Back when I first started writing XLSX.js, I knew that parsing the XML out as a string was not in keeping with current practices. These days we have DOMParser in all the major browsers, and the XMLDOM ActiveX object for older IE browsers. We can deal with these XML nodes as hierarchical, searchable objects. But… I figured I’d just stick with the string parsing anyway. I assumed that I would update it at some point, when I had more time, but initially I was looking to create a solution quickly and theorized that string processing was probably somewhat faster. Fast forward to a week ago, and a need has arisen that will require me to expand XLSX.js’ capabilities. As I will need to modify the reading and writing code anyway, I started by switching over the read code to DOMParser. Upon completion, I remember Ingo’s tweet and wonder if I should post a little comment on the blog explaining why I used string processing in the first place. In fact, maybe I’ll just throw both pieces of code into jsPerf to substantiate my theory of string processing being a little faster. It’s probably a little faster, but can it really be fast enough to justify staying with that method?

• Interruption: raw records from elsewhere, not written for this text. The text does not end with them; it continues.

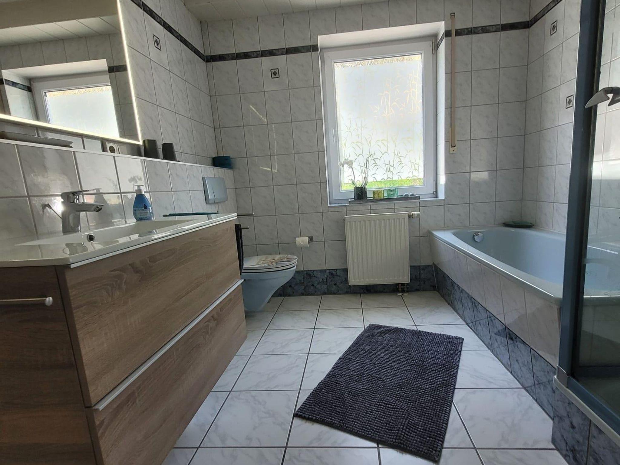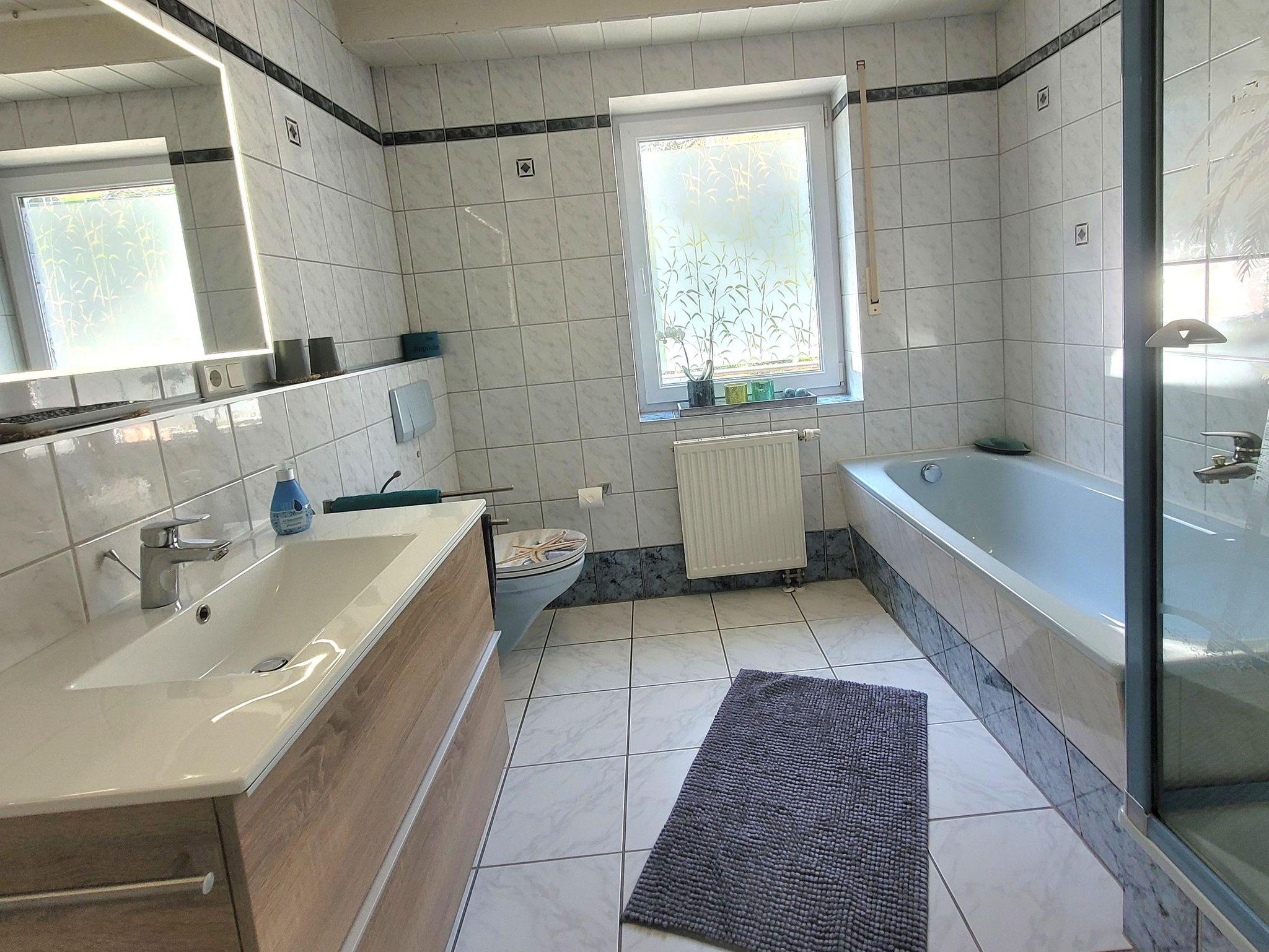 Im Wohlfühlbad steht den Gästen eine Badewanne und Dusche zur Verfügung.
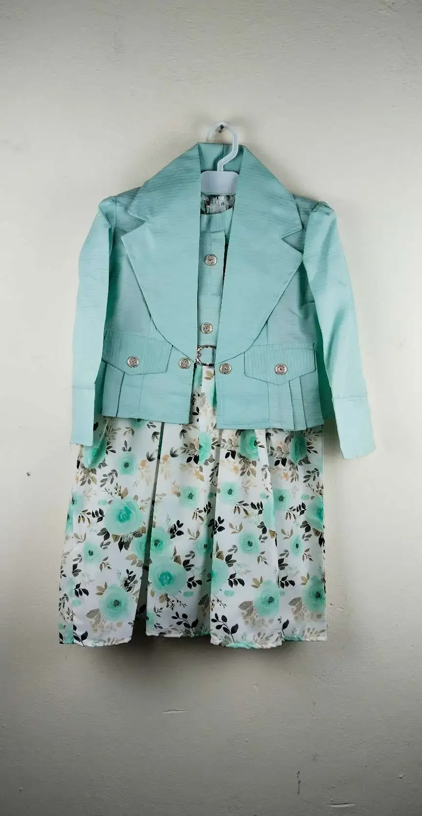 The skirt is white with a lovely floral print in mint green, beige, and black, creating a gentle and classy contrast. Its lightweight fabric makes it comfortable for children to wear throughout the day. The combination of the jacket and printed skirt gives the outfit a polished appearance while still feeling soft and child-friendly
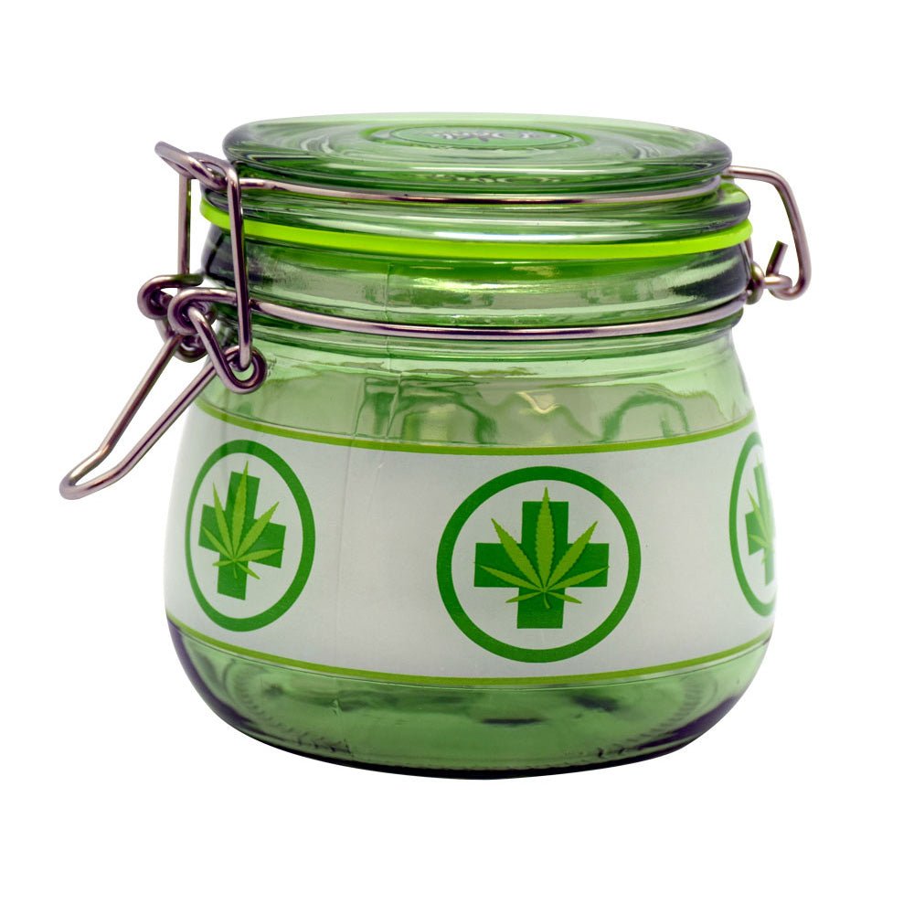 The Medical Leaf Glass Jar is great for stashing your favorite herbs. Features a medical hemp leaf design and hinged latching lid. Measures approx. 4" tall and 4.3" wide. Holds approx. 1 ounce.
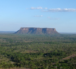 O domínio morfoestrutural "Planalto Dissecado do sul da Amazônia" é caracterizado por um relevo ondulado, de alongados espigões, escarpas íngremes e topos ligeiramente planos, cujas cotas situam-se entre 200 e 300 metros, tendo em geral vales em forma de 'V" e vertentes desnudas. Assim, a vegetação nesse conjunto de pequenas serras é, em geral, constituída de mata rala, que passa a uma vegetação de grande porte quando as vertentes começam a perder declividade. Domina a Floresta Ombrófila Aberta Submontana (46%), apresentando ainda: Vegetação de Contato Savana/Floresta Ombrófila (18,3%), Savana Arborizada (8,8%), Savana Densa (8,05%), Savana Parque (7,8%), Floresta Ombrófila Densa Submontana (6%), Savan Gramínea-Lenhosa (1,6%), e outras.

But, that’s a “dumb” question, right? Parsing XML using the DOM is more maintainable, it’s more extensible, it’s likely more stable. It’s certainly more common. The community has decisively gone this direction, either natively or via libraries like jQuery, so it must be the better solution in this instance. However, despite those valid points, the jsPerf provided a compelling rebuttal. My initial tests showed that string processing was 10x faster on Safari 5, and 41x faster on IE. Someone out there found the jsPerf on an Android device, and showed string processing to be 47x faster there. So, the performance gains are highly significant.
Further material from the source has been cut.